The wingspan is 35–40 mm for males and 40–50 mm for females.
A. rahira Bdv. (55 g). Both wings above light grey-yellow (male) or light grey (female); the veins in the distal part edged with black and at the distal margin widened into long triangular or rounded spots; basal and discal dots free and distinct; discal dots 1 b to 5 on the hindwing placed in an almost straight line and discal dots 6 and 7 forming nearly a right angle with them.

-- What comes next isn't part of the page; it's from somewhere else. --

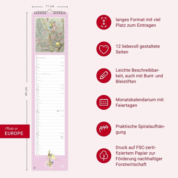 - Aus ihren Zeichnungen spricht die Liebe zur Natur: Der von Majorlein Bastin gestaltete Kalender besticht durch die vielen Details der Illustrationen- Das Rundum-Paket Marjolein Bastin: Langplaner mit anmutigen Natur-Zeichnungen und den dazu passenden Texten aus der Feder der Künstlerin- Schmal und doch ausreichend breit für alle Eintragungen: Der praktische Streifenkalender im Format 11 x 49 cm- Mit Malerei die bunte Vogelwelt ins Haus holen: Der Terminplaner von Marjolein Bastin- Geschenkideen für Gartenbesitzer: Die Natur-Kalender von Heye im Athesia Kalenderverlag

The under surface is similar to the upper, only somewhat lighter and with reddish streaks in 1 b, 1 c and the cell between the basal and discal dots; distally to the discal dots runs in la to 5 a whitish transverse band about 2 mm. in breadth, which is basally bounded by a dark line; this line terminates at vein 5 or 6 and is more or less indicated on the upper surface also; it evidently corresponds to the proximal boundary of the marginal band; the latter scarcely differs from the ground-colour or has some reddish streaks on the interneural folds; at the distal margin the ground-colour is even lighter yellow, without, however, forming distinct marginal spots, the proximal boundary of the spots being entirely absent or only very indistinct. - Larva blackish with the thoracic legs yellow, a yellow lateral line and a white dorsal line;
the spines are short, yellow, placed in yellow spots; head also yellow; lives on Erigeron. Pupa whitish with black markings. This very distinct species is fond of damp and marshy places and occurs in the whole of South Africa to Angola and Rhodesia.

==Subspecies==
- Acraea rahira rahira (southern Africa, Zimbabwe, Mozambique to Malawi, southern Tanzania, Zambia, southern Zaire (Shaba), Angola, western Kenya, Uganda)
- Acraea rahira mufindi Kielland, 1990 (Tanzania)

==Biology==
Adults are on wing year round in warmer areas, with a peak from September to April. In cooler areas it is only found in the hot summer months.
The larvae feed on Persicaria attenuata africana and Conyza canadensis.